One of the web sites that’s especially important when it comes to making professional connections is LinkedIn. Your LinkedIn profile can make or break your job search. On top of that, if you are looking for a job, LinkedIn can be a way for others to find you. Even though I’m not in the market for a traditional job, LinkedIn has resulted in freelance gigs.

Here are some tips for building a LinkedIn profile that is more likely to help you get a job:

Start with a Professional Image

You have to upload an image. In order to look “real,” it helps to have a face that others can look at. While you don’t have to rush out and have professional head shots taken, you do need to choose an image that looks professional. Make sure your image presents you as an approachable and professional person who is likely to fit in at most work environments.

Tinker with Your Summary

It’s important to note that LinkedIn has made changes that mean that third-level connections can’t see your name when they search. So, you might be perfect for someone searching on LinkedIn, but he or she won’t know your name. You can tinker with the summary by adding your name as the top line. Write your name, hit return a couple of times, and then write your summary.

Make sure your summary offers a good representation of who you are and what you do. Think of it as your elevator pitch. You need to quickly let searchers know that you are what they are looking for.

Fill Out Your Profile as Much as Possible

You have the chance to really shine in the experience and education sections. Be as complete as possible, since you might be able to catch the eye of someone who attended school at your alma mater, or who worked at the same company as you. These indications can help you get an “in” — even if you didn’t realize you had one.
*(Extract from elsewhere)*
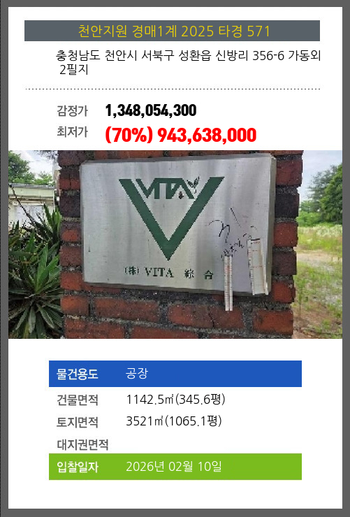 사건번호 2025 타경 571 본건은 충청남도 천안시 서북구 성환읍 신방리 356-6 가동외 2필지소재하는 공장경매 물건의 포스팅입니다. 건물면적 [ 1142.5㎡ (345.6평) ]토지면적 [ 3521㎡ (1065.1평) ]

When sharing your experience, try to focus on your success. Show that you have accomplished more than just adding another job responsibility to your long list of job responsibilities. If you have publications, make sure that you include that information as well.

Ask for recommendations from those you are comfortable with. While LinkedIn is trying to make a big deal of the endorsements, it’s more impressive to have some solid recommendations for your work. If you worked with someone in the past, ask if they would write a recommendation for your LinkedIn profile (and be willing to do it for those who ask you).

Join Groups

Finally, join relevant groups. If you are a part of an industry group, that can help you network with others, as well as raise your profile on LinkedIn. Participate by making insightful comments and offer help to other members, and you can establish solid connections, and impress potential employers.

With a little tweaking, you can improve your LinkedIn profile and increase the chances that you will get the job.